_Information given_

---------------

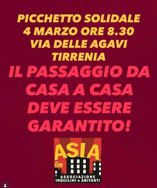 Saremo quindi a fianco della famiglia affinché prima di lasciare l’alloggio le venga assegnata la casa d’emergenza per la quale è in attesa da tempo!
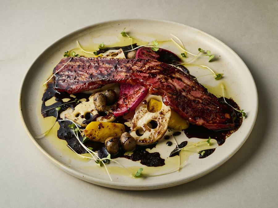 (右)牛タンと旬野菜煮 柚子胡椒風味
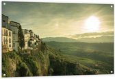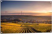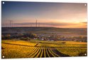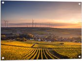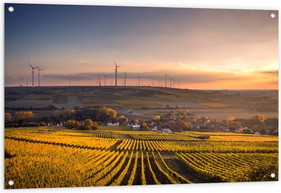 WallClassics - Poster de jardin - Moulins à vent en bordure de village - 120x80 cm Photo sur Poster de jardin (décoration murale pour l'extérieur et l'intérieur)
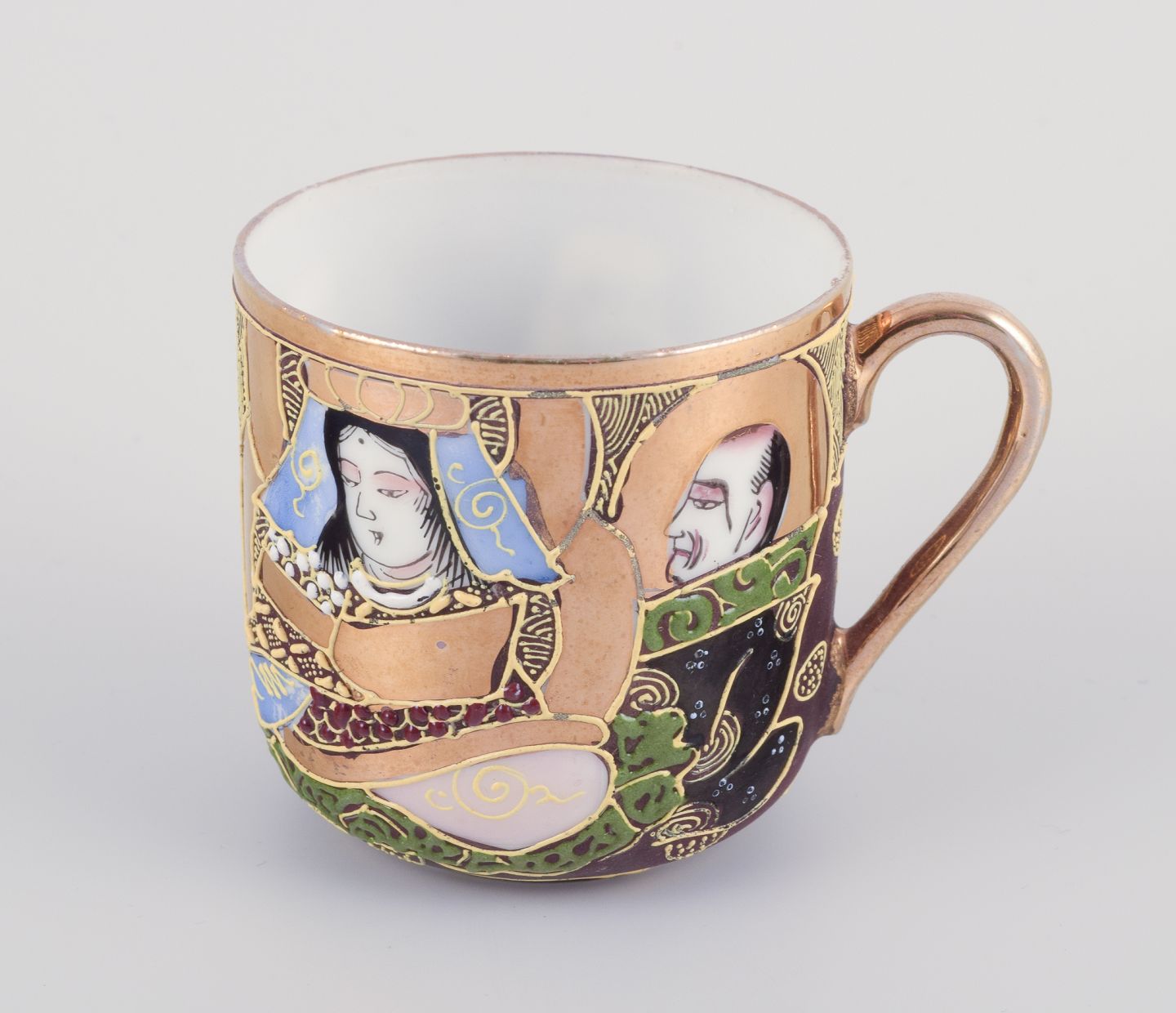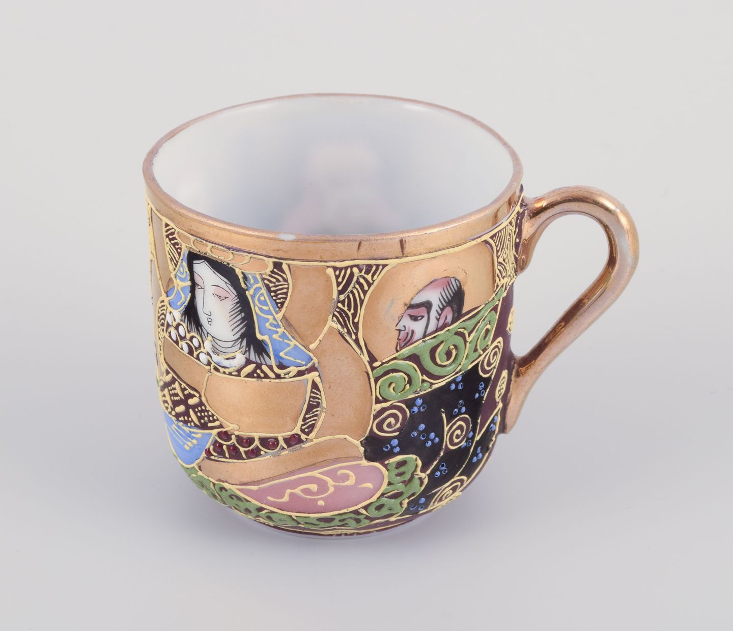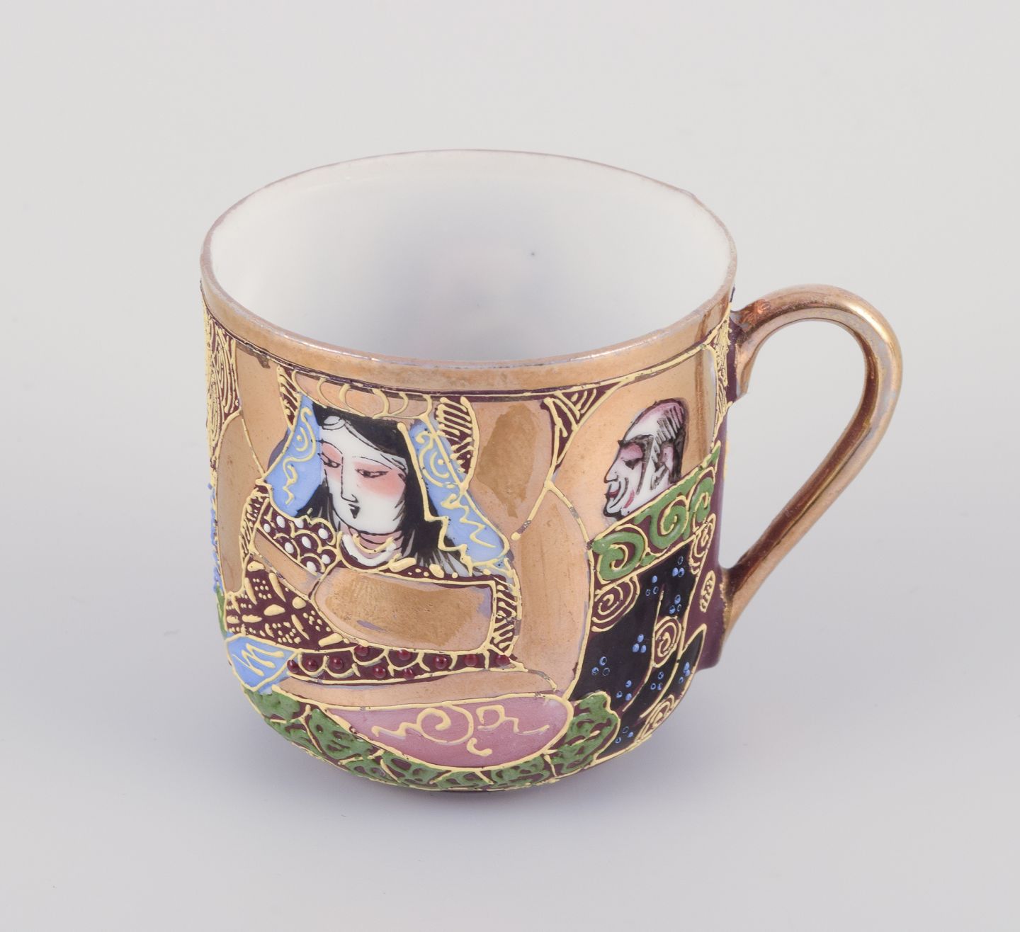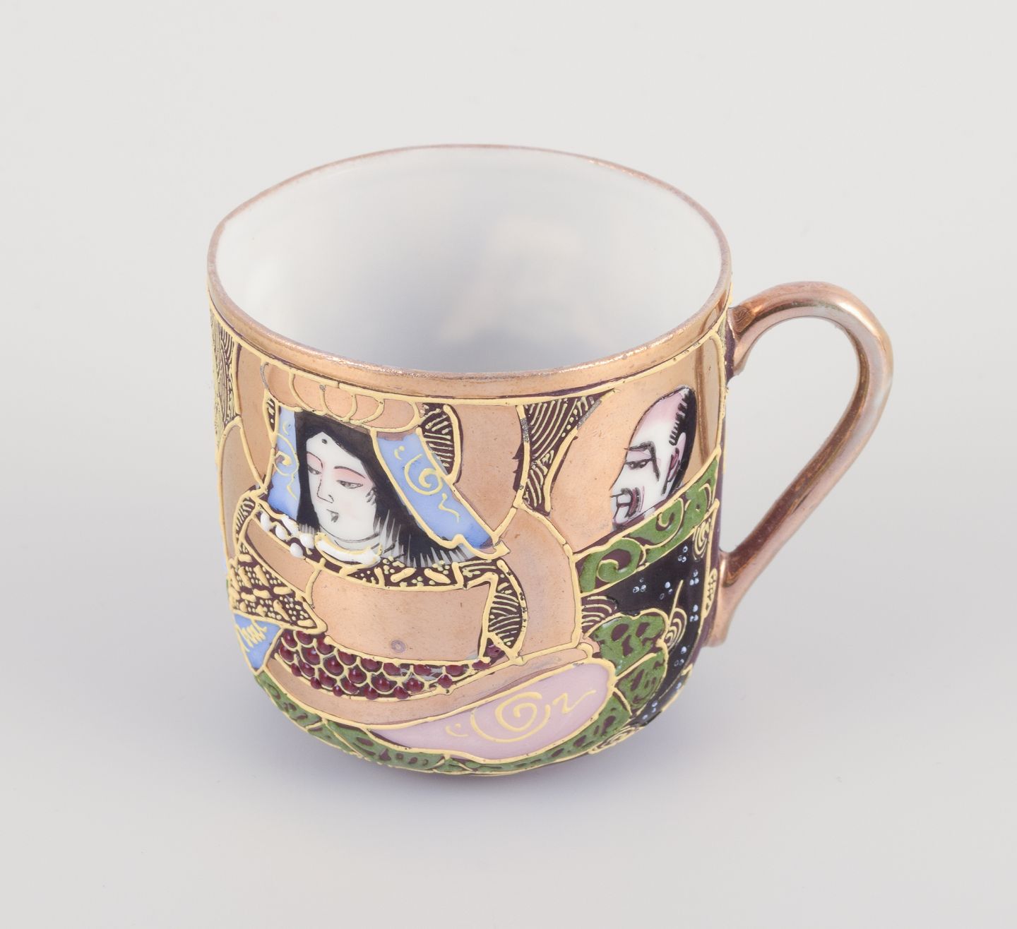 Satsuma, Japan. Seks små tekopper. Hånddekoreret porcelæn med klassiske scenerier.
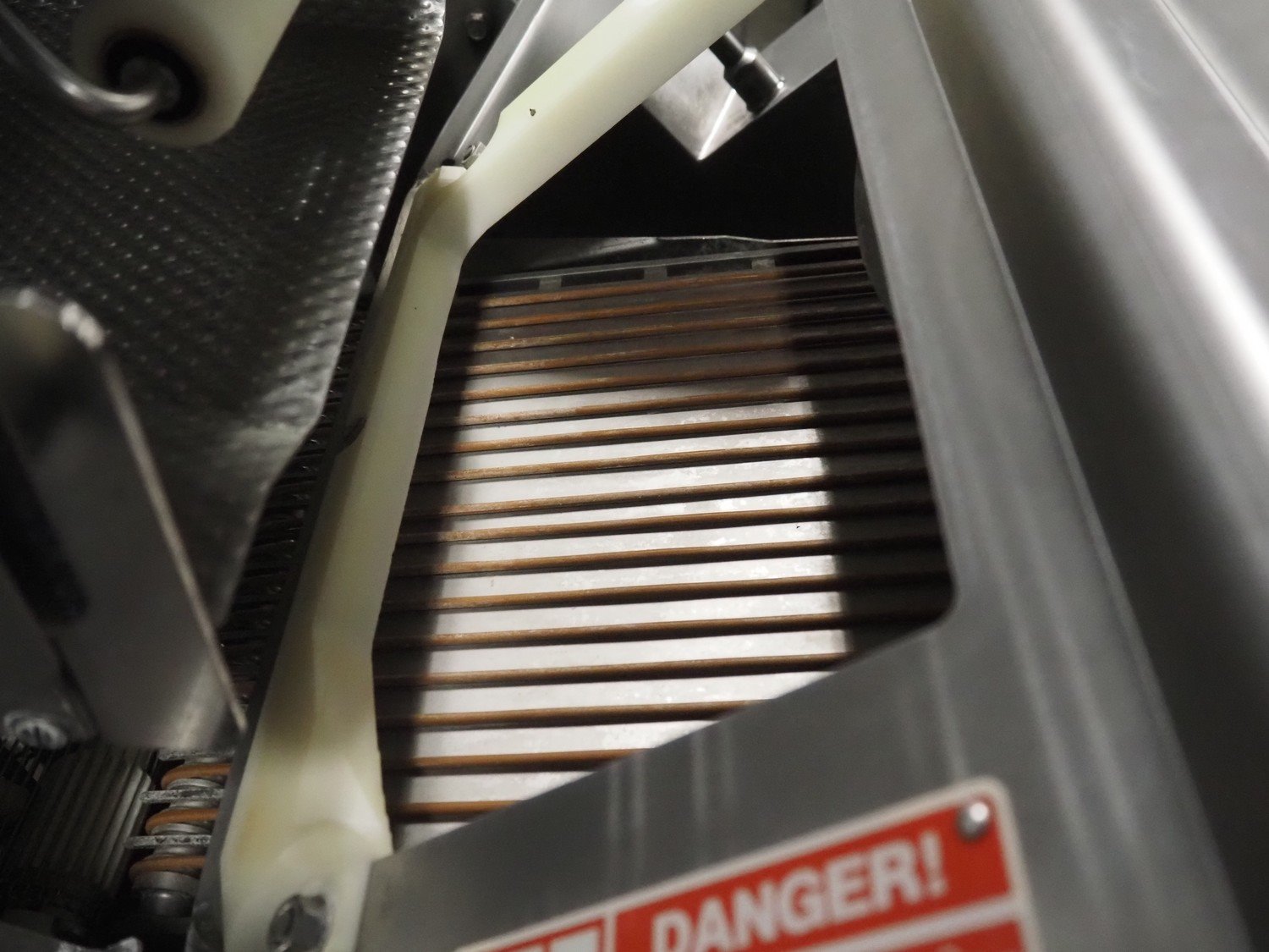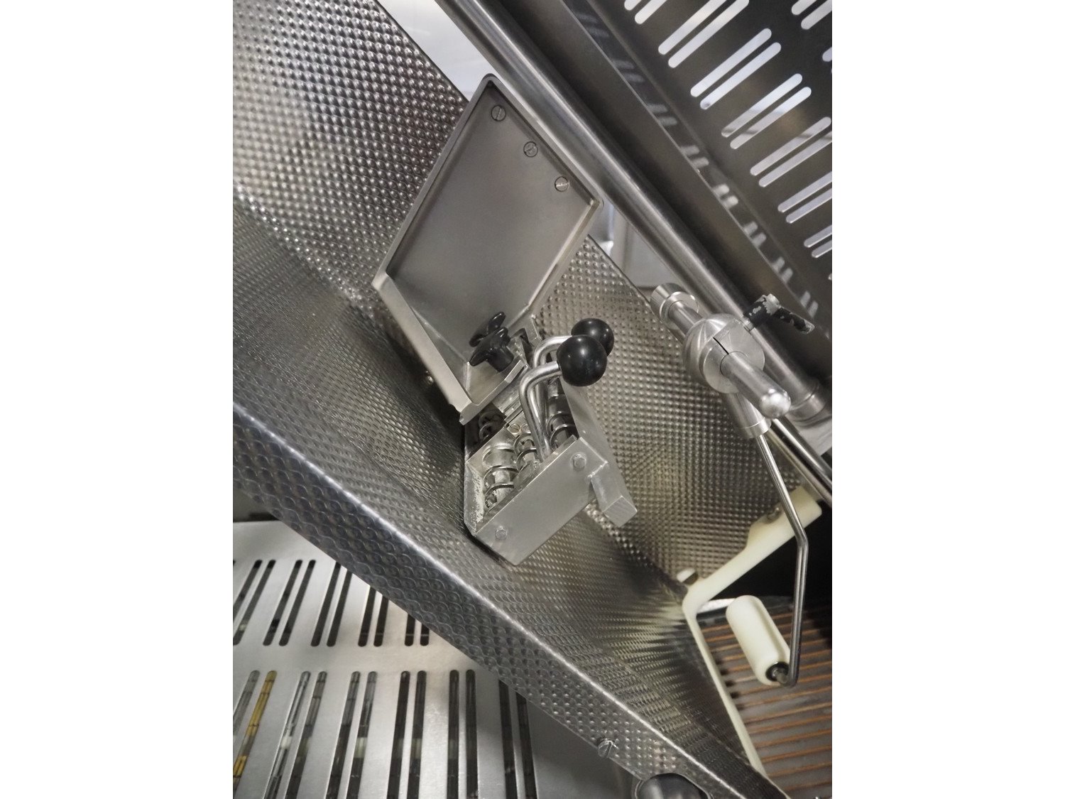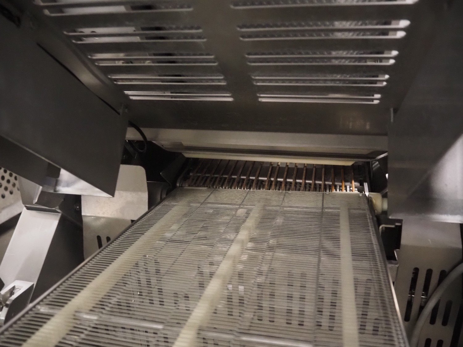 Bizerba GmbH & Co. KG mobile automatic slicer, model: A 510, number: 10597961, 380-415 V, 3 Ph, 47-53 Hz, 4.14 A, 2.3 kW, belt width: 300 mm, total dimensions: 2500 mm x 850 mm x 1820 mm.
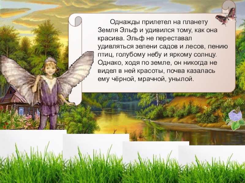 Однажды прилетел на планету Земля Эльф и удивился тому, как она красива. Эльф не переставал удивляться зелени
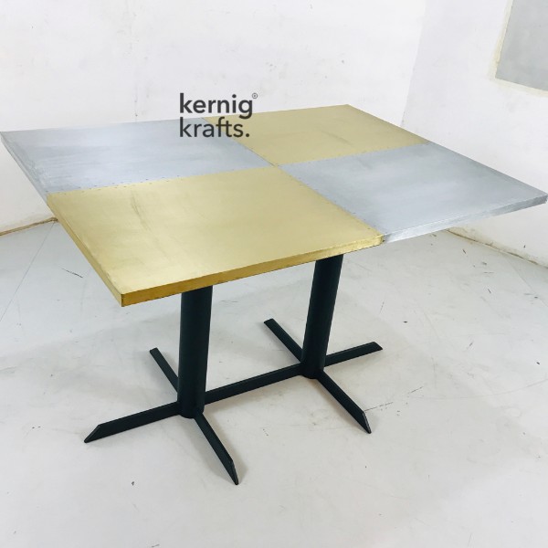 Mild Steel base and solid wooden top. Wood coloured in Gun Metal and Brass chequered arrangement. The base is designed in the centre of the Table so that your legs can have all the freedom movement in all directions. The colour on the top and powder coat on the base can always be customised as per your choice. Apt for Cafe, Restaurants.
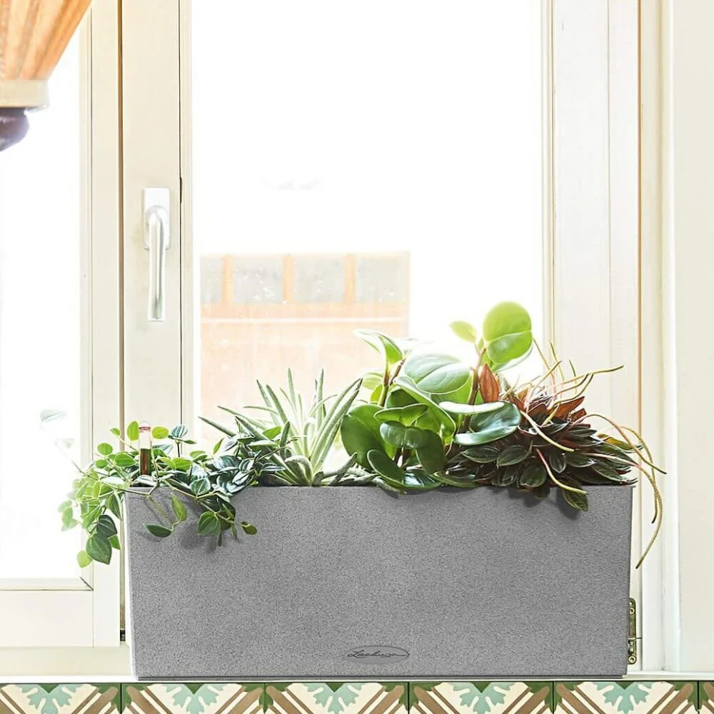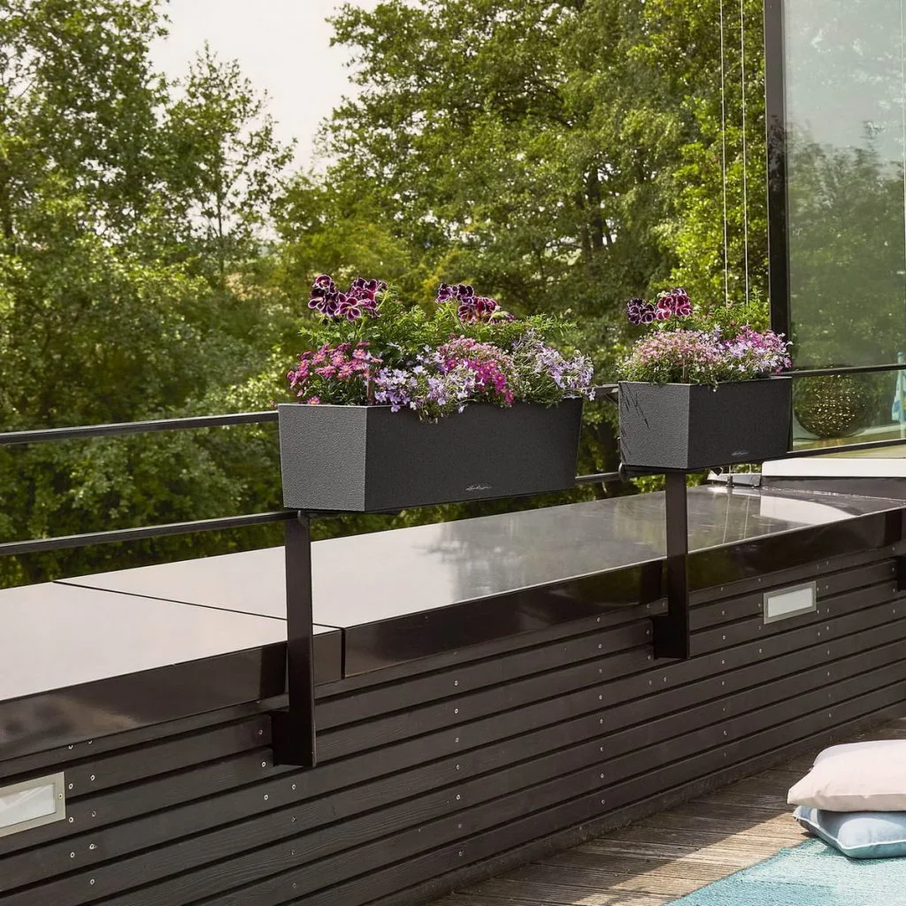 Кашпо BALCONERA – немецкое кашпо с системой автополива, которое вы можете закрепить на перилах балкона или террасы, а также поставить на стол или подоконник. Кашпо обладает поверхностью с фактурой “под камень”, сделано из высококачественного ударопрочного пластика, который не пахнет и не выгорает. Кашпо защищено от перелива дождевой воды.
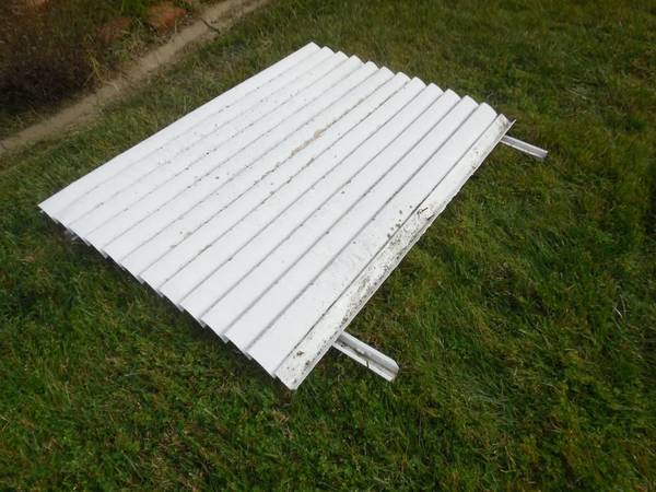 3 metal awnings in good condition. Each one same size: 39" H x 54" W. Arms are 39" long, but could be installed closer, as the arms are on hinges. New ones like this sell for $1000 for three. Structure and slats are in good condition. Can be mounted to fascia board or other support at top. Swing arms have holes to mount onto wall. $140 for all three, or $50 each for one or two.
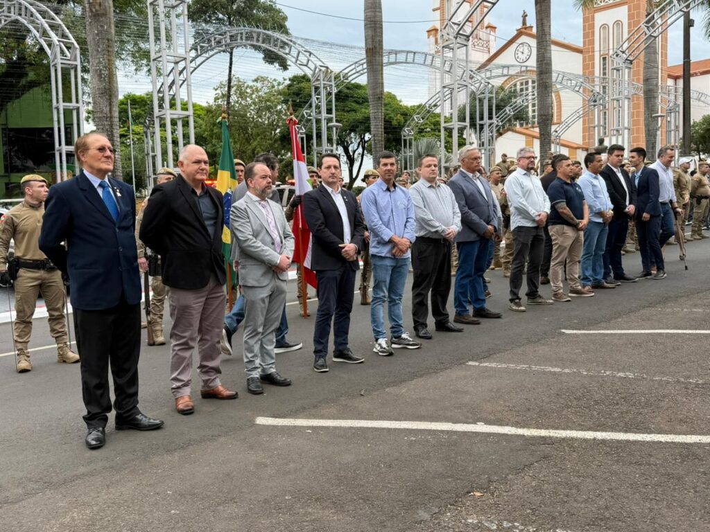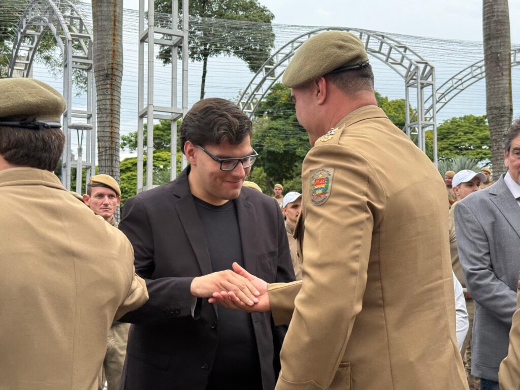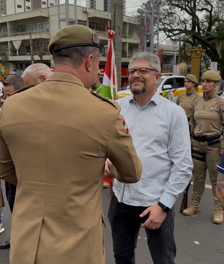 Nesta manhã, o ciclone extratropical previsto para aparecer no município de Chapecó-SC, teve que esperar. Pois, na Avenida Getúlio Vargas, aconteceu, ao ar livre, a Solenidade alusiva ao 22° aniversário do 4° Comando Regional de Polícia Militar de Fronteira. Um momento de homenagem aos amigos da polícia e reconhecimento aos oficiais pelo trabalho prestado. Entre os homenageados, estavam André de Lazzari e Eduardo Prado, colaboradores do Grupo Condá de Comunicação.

---------------

_Aim of the task_
In the listing above, find the line with "(右)牛タンと旬野菜煮 柚子胡椒風味" and output it and every line after it up to and including the line with "Bizerba GmbH &", exactly, minus the pictures.

_Solution to this problem_
 (右)牛タンと旬野菜煮 柚子胡椒風味
 WallClassics - Poster de jardin - Moulins à vent en bordure de village - 120x80 cm Photo sur Poster de jardin (décoration murale pour l'extérieur et l'intérieur)
 Satsuma, Japan. Seks små tekopper. Hånddekoreret porcelæn med klassiske scenerier.
 Bizerba GmbH & Co. KG mobile automatic slicer, model: A 510, number: 10597961, 380-415 V, 3 Ph, 47-53 Hz, 4.14 A, 2.3 kW, belt width: 300 mm, total dimensions: 2500 mm x 850 mm x 1820 mm.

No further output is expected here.